## Exercise brief
Omit every picture and return the rest of the data unaltered.

## Data block
---------------
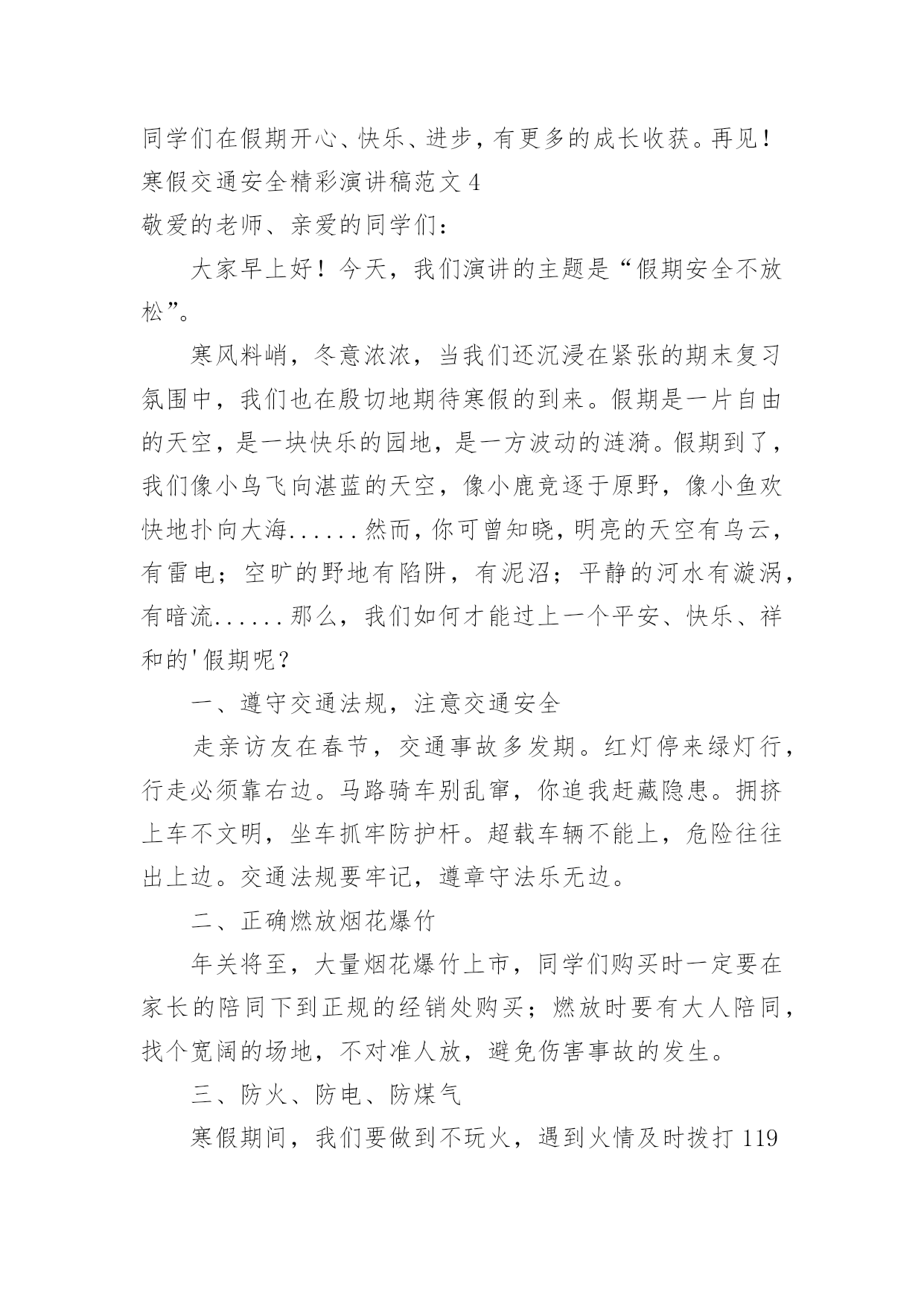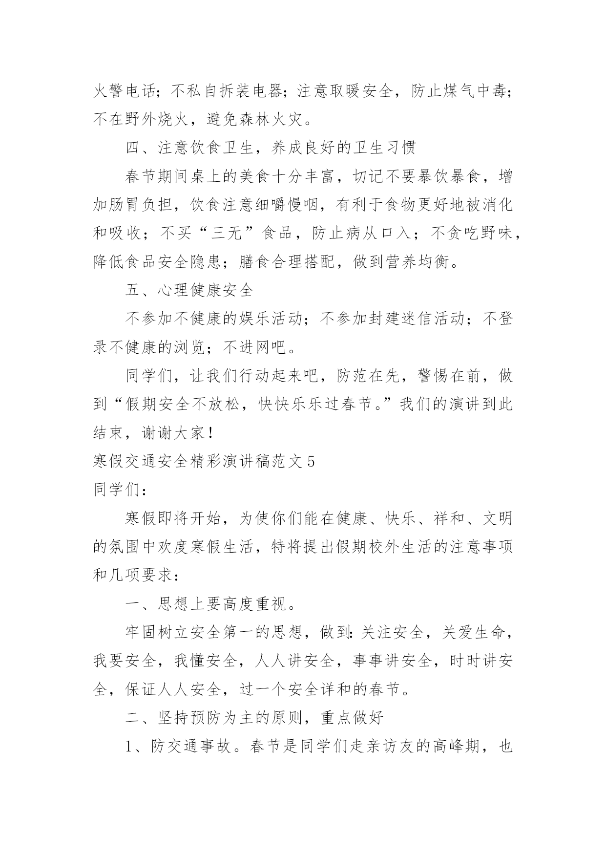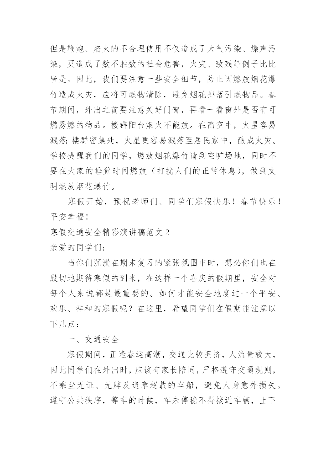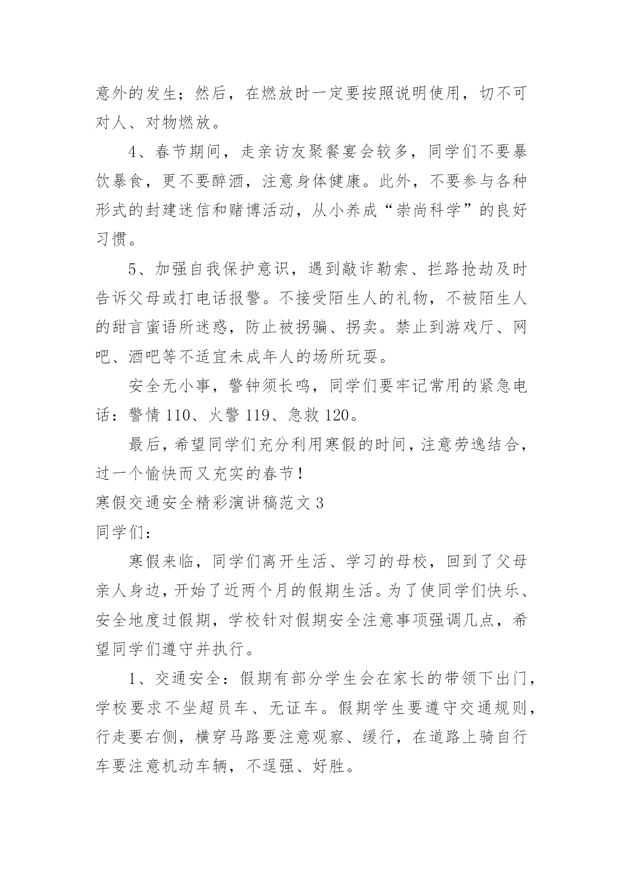寒假交通安全精彩演讲稿寒假交通安全精彩演讲稿范文演讲稿的写法比较灵活,可以根据会议的内容、一件事事后的感想、需要等情况而有所区别。在现在的社会生活中,接触并使用演讲稿的人越来越多,大家知道演讲稿的格式吗?以下是小编精心整理的寒假交通安全精彩演讲稿范文,欢迎阅读,希望大家能够喜欢。寒假交通安全精彩演讲稿范文1尊敬的各位老师和同学们:大家好!每次,我们七都中学都要在寒暑假前组织假期安全方面的教育,我感觉这是学校对你们的关注,特别是你们家庭幸福和身心健康发展的关爱。今天,我将利用这次电波交流的机会和大家谈谈以下几个方面的话题:一、提高交通安全意识,确保安全出行为了全体教师和同学都能度过一个安全、文明、健康、愉快的寒假,我们衷心希望寒假期间,全体教师及同学要认真遵守新的《道路交通安全法》,确保安全出行。首先是要牢记交通安全最根本的原则,那就是“红灯停、绿灯行、黄灯要注意,不要闯红灯”,“走路要走人行道,过马路一定要遵循“一看、二慢、三通过”的原则”。其次,我们“乘坐公共汽车或长途汽车须在站台或指定地点依次候车,待车停稳后,先下后上”。候车期间,每个人都应认真遵守交通规则,注意不互相追逐、打闹以确保交通安全、防止意外的发生。,另外,请同学们要利用寒假期间的时间,好好学习新的'《道路交通安全法》,因为,现在的法律对酒驾、醉酒都提出了相当严格的规定。二、安全用电,安全用火,防止煤气中毒寒假,伴随我们的是寒冷的天气。有些同学就会使用电热毯取暖、拉电线在床头看书、用热水器洗澡等等。但是请同学们注意,这样也在偶然中增加了一份不安全的隐患。为此,我们要养成对电器设备进行全面安全检查的意识:检查有无漏电情况、检查绝缘老化程度、检查有无裸露部分、利用我们学到的知识检查设备安装有无违规情况、决不私拉电网,也不把灯头拉来拉去,以免损坏电线或灯头造成触电事故。使用时一定要注意电源插头和插座相配套,两者接触应紧密;如果插头和插座接触松动,插头会发热,从而引起线路断路。家里使用燃气热水器的同学,特别是老式的燃气热水器,使用时要注意排气管道是否通畅,确保通风,防止煤气中毒。外出前,一定要确保及时关闭所有用电器的电源、关闭煤气,关闭水龙头等,以保证安全。三、冬季尽量不到冰面上去玩耍,远离意外伤害寒冬来临,河面已经结冰,希望学生们尽量不要到冰面上去玩耍,特别是冰面较薄的地方去玩耍,确要滑冰时,一定要由家长陪伴,不做危险动作,远离危险。四、适度饮食,关注健康,防止食物中毒春节是中华民族的传统假日,走亲访友、朋友聚会在所难免,但我们要注意饮食的合理搭配,合理的饮食时间,做到不暴饮暴食,拒绝饮酒和抽烟,防止食物中毒。特别是当前,中央提出反对铺张浪费、力行节约美德的号召,也希望同学们、并且通过同学们提醒你们的父母亲,在这方面要积极做好。五、不赌博、远离封建迷信,提高自我安全保护意识。寒假也是在迎接春节新年的喜气中进行的。我们还要与一些不良的行为作斗争,不参加赌博活动、不搞封建迷信活动、不参加非法聚众和集会;同时,提高自身的安全警觉,春节前尽量不要背着包在人员稀少的马路上行走,节假期间不带过多的现金外出,提高自我安全保护意识。六、以良好的生活习惯欢度寒假、春节。寒假给予我们更多的时间去反思、去整理、去体验生活、去融合社会。学生们坚决杜绝去网吧、营业性娱乐场所、棋牌室、酒吧等成年人的活动场所。据了解,上述场所已经是对未成年人非法侵害的发源地之一,同时也是未成年人不健康思想和行为的影响地之一。学校反对任何学生任何时候进入任何网吧、营业性娱乐场所、棋牌室、酒吧等成年人的活动场所。七、文明燃放烟花爆竹,杜绝安全隐患。春节——中国传统佳节,充满喜庆的日子当然少不了欢快的气氛,大家会用放鞭炮、焰火等形式来增添节日的氛围。但是鞭炮、焰火的不合理使用不仅造成了大气污染、燥声污染,更造成了数不胜数的社会危害,火灾、致残等例子比比皆是。因此,我们要注意一些安全细节,防止因燃放烟花爆竹造成火灾,应将可燃物清除,避免烟花掉落引燃物品。春节期间,外出之前要注意关好门窗,再看一看窗外是否有可燃易燃的物品。楼群阳台烟火不能放。在高空中,火星容易溅落;楼群密集处,火星更容易溅落至居民家中,酿成火灾。学校提醒我们的同学,燃放烟花爆竹请到空旷场地,同时不要在大家的睡觉时间燃放(打扰人们的正常休息),做到文明燃放烟花爆竹。寒假开始,预祝老师们、同学们寒假快乐!春节快乐!平安幸福!寒假交通安全精彩演讲稿范文2亲爱的同学们:当你们沉浸在期末复习的紧张氛围中时,想必你们也在殷切地期待寒假的到来,在这样一个喜庆的假期里,安全对每个人来说都是最重要的。如何才能安全地度过一个平安、欢乐、祥和的寒假呢?在这里,希望同学们在假期能注意以下几点:一、交通安全寒假期间,正逢春运高潮,交通比较拥挤,人流量较大,因此同学们在外出时,应
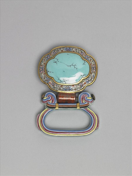 瓷製帶板,全器呈橢圓形,兩邊微微突出。正面中央帶一橢圓形開光,內施淺藍釉為地,並以黑彩描繪裂紋。開光外緣為白地寬弦紋,繪有藍、紅、粉紅各色花葉紋,弦紋週邊塗敷金彩。器身側邊為白地,並滿繪藍色花葉紋。帶板一側接一中空長管,以橫貫而過的金屬長釘連接一橢圓瓷環。紅色管身表面滿繪銀色花葉紋。環身正面繪紅、黃、藍 、黑各色條紋。器背略凹陷,中央帶一長方框,光素無紋。
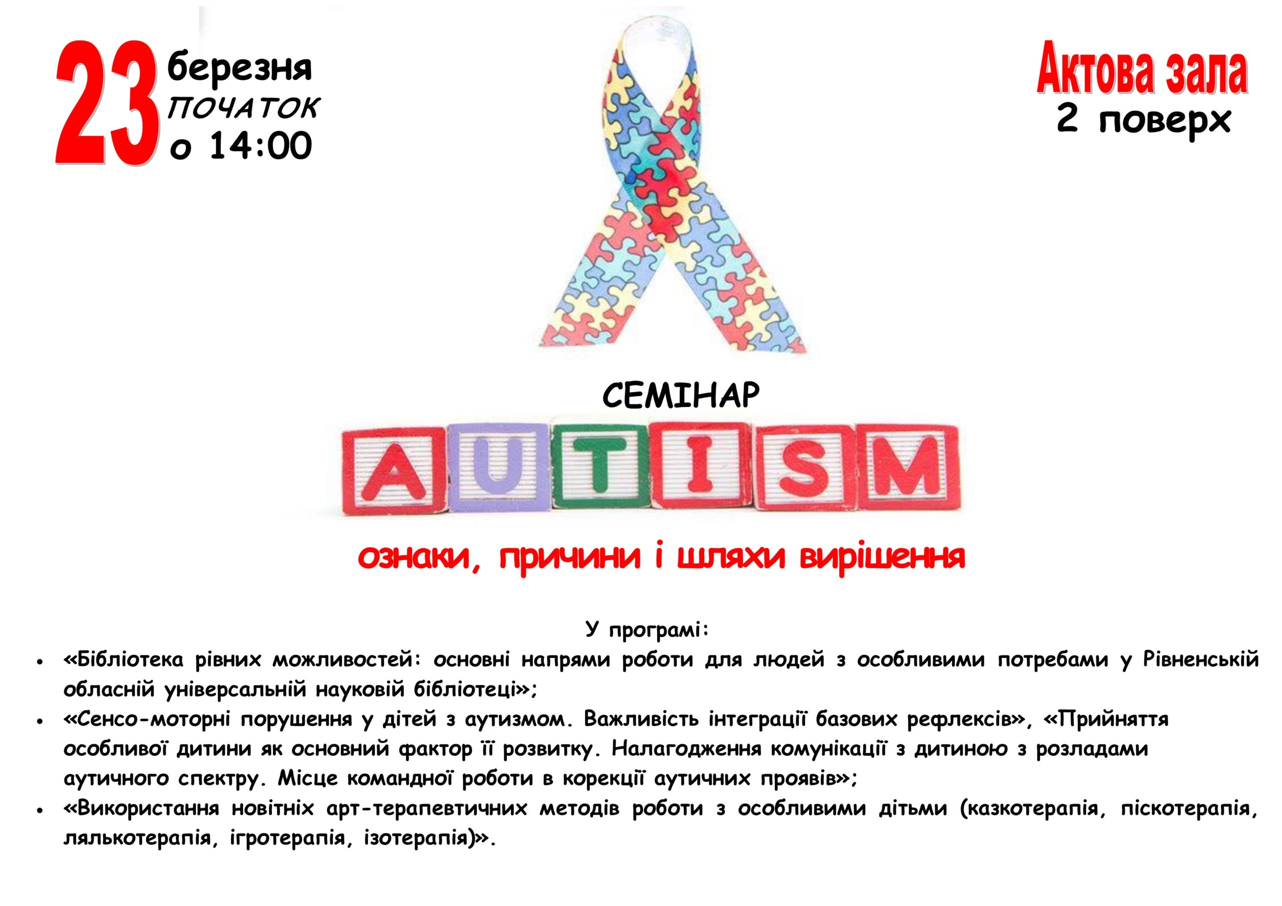 Напередодні Міжнародного дня поширення інформації про аутизм, 23 березня о 14:00 у Рівненській обласній універсальній науковій бібліотеці (вул. Короленка, 6) відбудеться семінар «Аутизм: ознаки, причини, труднощі та шляхи вирішення».
---------------
## Solution
寒假交通安全精彩演讲稿寒假交通安全精彩演讲稿范文演讲稿的写法比较灵活,可以根据会议的内容、一件事事后的感想、需要等情况而有所区别。在现在的社会生活中,接触并使用演讲稿的人越来越多,大家知道演讲稿的格式吗?以下是小编精心整理的寒假交通安全精彩演讲稿范文,欢迎阅读,希望大家能够喜欢。寒假交通安全精彩演讲稿范文1尊敬的各位老师和同学们:大家好!每次,我们七都中学都要在寒暑假前组织假期安全方面的教育,我感觉这是学校对你们的关注,特别是你们家庭幸福和身心健康发展的关爱。今天,我将利用这次电波交流的机会和大家谈谈以下几个方面的话题:一、提高交通安全意识,确保安全出行为了全体教师和同学都能度过一个安全、文明、健康、愉快的寒假,我们衷心希望寒假期间,全体教师及同学要认真遵守新的《道路交通安全法》,确保安全出行。首先是要牢记交通安全最根本的原则,那就是“红灯停、绿灯行、黄灯要注意,不要闯红灯”,“走路要走人行道,过马路一定要遵循“一看、二慢、三通过”的原则”。其次,我们“乘坐公共汽车或长途汽车须在站台或指定地点依次候车,待车停稳后,先下后上”。候车期间,每个人都应认真遵守交通规则,注意不互相追逐、打闹以确保交通安全、防止意外的发生。,另外,请同学们要利用寒假期间的时间,好好学习新的'《道路交通安全法》,因为,现在的法律对酒驾、醉酒都提出了相当严格的规定。二、安全用电,安全用火,防止煤气中毒寒假,伴随我们的是寒冷的天气。有些同学就会使用电热毯取暖、拉电线在床头看书、用热水器洗澡等等。但是请同学们注意,这样也在偶然中增加了一份不安全的隐患。为此,我们要养成对电器设备进行全面安全检查的意识:检查有无漏电情况、检查绝缘老化程度、检查有无裸露部分、利用我们学到的知识检查设备安装有无违规情况、决不私拉电网,也不把灯头拉来拉去,以免损坏电线或灯头造成触电事故。使用时一定要注意电源插头和插座相配套,两者接触应紧密;如果插头和插座接触松动,插头会发热,从而引起线路断路。家里使用燃气热水器的同学,特别是老式的燃气热水器,使用时要注意排气管道是否通畅,确保通风,防止煤气中毒。外出前,一定要确保及时关闭所有用电器的电源、关闭煤气,关闭水龙头等,以保证安全。三、冬季尽量不到冰面上去玩耍,远离意外伤害寒冬来临,河面已经结冰,希望学生们尽量不要到冰面上去玩耍,特别是冰面较薄的地方去玩耍,确要滑冰时,一定要由家长陪伴,不做危险动作,远离危险。四、适度饮食,关注健康,防止食物中毒春节是中华民族的传统假日,走亲访友、朋友聚会在所难免,但我们要注意饮食的合理搭配,合理的饮食时间,做到不暴饮暴食,拒绝饮酒和抽烟,防止食物中毒。特别是当前,中央提出反对铺张浪费、力行节约美德的号召,也希望同学们、并且通过同学们提醒你们的父母亲,在这方面要积极做好。五、不赌博、远离封建迷信,提高自我安全保护意识。寒假也是在迎接春节新年的喜气中进行的。我们还要与一些不良的行为作斗争,不参加赌博活动、不搞封建迷信活动、不参加非法聚众和集会;同时,提高自身的安全警觉,春节前尽量不要背着包在人员稀少的马路上行走,节假期间不带过多的现金外出,提高自我安全保护意识。六、以良好的生活习惯欢度寒假、春节。寒假给予我们更多的时间去反思、去整理、去体验生活、去融合社会。学生们坚决杜绝去网吧、营业性娱乐场所、棋牌室、酒吧等成年人的活动场所。据了解,上述场所已经是对未成年人非法侵害的发源地之一,同时也是未成年人不健康思想和行为的影响地之一。学校反对任何学生任何时候进入任何网吧、营业性娱乐场所、棋牌室、酒吧等成年人的活动场所。七、文明燃放烟花爆竹,杜绝安全隐患。春节——中国传统佳节,充满喜庆的日子当然少不了欢快的气氛,大家会用放鞭炮、焰火等形式来增添节日的氛围。但是鞭炮、焰火的不合理使用不仅造成了大气污染、燥声污染,更造成了数不胜数的社会危害,火灾、致残等例子比比皆是。因此,我们要注意一些安全细节,防止因燃放烟花爆竹造成火灾,应将可燃物清除,避免烟花掉落引燃物品。春节期间,外出之前要注意关好门窗,再看一看窗外是否有可燃易燃的物品。楼群阳台烟火不能放。在高空中,火星容易溅落;楼群密集处,火星更容易溅落至居民家中,酿成火灾。学校提醒我们的同学,燃放烟花爆竹请到空旷场地,同时不要在大家的睡觉时间燃放(打扰人们的正常休息),做到文明燃放烟花爆竹。寒假开始,预祝老师们、同学们寒假快乐!春节快乐!平安幸福!寒假交通安全精彩演讲稿范文2亲爱的同学们:当你们沉浸在期末复习的紧张氛围中时,想必你们也在殷切地期待寒假的到来,在这样一个喜庆的假期里,安全对每个人来说都是最重要的。如何才能安全地度过一个平安、欢乐、祥和的寒假呢?在这里,希望同学们在假期能注意以下几点:一、交通安全寒假期间,正逢春运高潮,交通比较拥挤,人流量较大,因此同学们在外出时,应
 瓷製帶板,全器呈橢圓形,兩邊微微突出。正面中央帶一橢圓形開光,內施淺藍釉為地,並以黑彩描繪裂紋。開光外緣為白地寬弦紋,繪有藍、紅、粉紅各色花葉紋,弦紋週邊塗敷金彩。器身側邊為白地,並滿繪藍色花葉紋。帶板一側接一中空長管,以橫貫而過的金屬長釘連接一橢圓瓷環。紅色管身表面滿繪銀色花葉紋。環身正面繪紅、黃、藍 、黑各色條紋。器背略凹陷,中央帶一長方框,光素無紋。
 Напередодні Міжнародного дня поширення інформації про аутизм, 23 березня о 14:00 у Рівненській обласній універсальній науковій бібліотеці (вул. Короленка, 6) відбудеться семінар «Аутизм: ознаки, причини, труднощі та шляхи вирішення».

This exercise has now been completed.